4. The method of any of claims 1-3, wherein the size of the CG is one of the following sizes:

1×1、2×2、4×4、8×8、16×16、32×32、64×64。

5. an inverse transform apparatus, the apparatus comprising:

6. The apparatus according to claim 5, wherein when the maximum ordinate value is equal to or greater than the maximum abscissa value, the target inverse transformation method is: in the characterization process, a one-dimensional horizontal IDCT is firstly carried out, and then an inverse transformation mode of a one-dimensional vertical IDCT is carried out;

the result obtaining module comprises:

and the first result obtaining submodule is used for carrying out one-dimensional vertical IDCT on coefficients contained in the CG of which the abscissa value in each CG row is less than or equal to the maximum abscissa value in the intermediate value matrix to obtain an inverse transformation result corresponding to each first coefficient.

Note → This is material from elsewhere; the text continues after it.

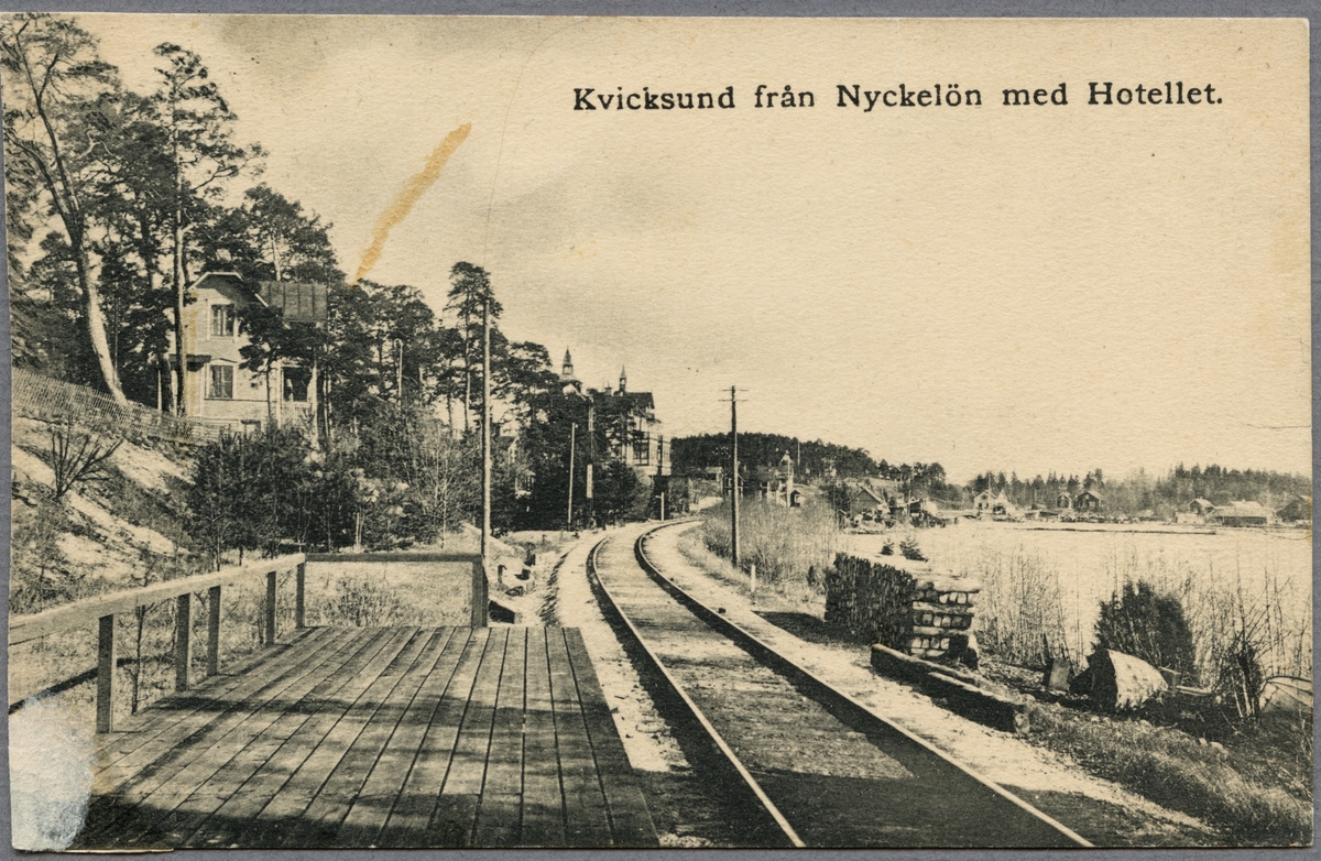 Bild på hotellet i Kvicksund taget från Nyckelön.

7. The apparatus according to claim 5, wherein, in the case where the maximum ordinate value is smaller than the maximum abscissa value, the target inverse transformation manner is: in the characterization process, a one-dimensional vertical IDCT is firstly carried out, and then a one-dimensional horizontal IDCT inverse transformation mode is carried out;

the result obtaining module comprises:

8. The apparatus of any of claims 5-7, wherein the size of the CG is one of the following:

1×1、2×2、4×4、8×8、16×16、32×32、64×64。

9. an electronic device is characterized by comprising a processor, a communication interface, a memory and a communication bus, wherein the processor and the communication interface are used for realizing mutual communication by the memory through the communication bus;

a memory for storing a computer program;

a processor for implementing the method steps of any of claims 1 to 4 when executing a program stored in the memory.

10. A computer-readable storage medium, characterized in that a computer program is stored in the computer-readable storage medium, which computer program, when being executed by a processor, carries out the method steps of any one of claims 1 to 4.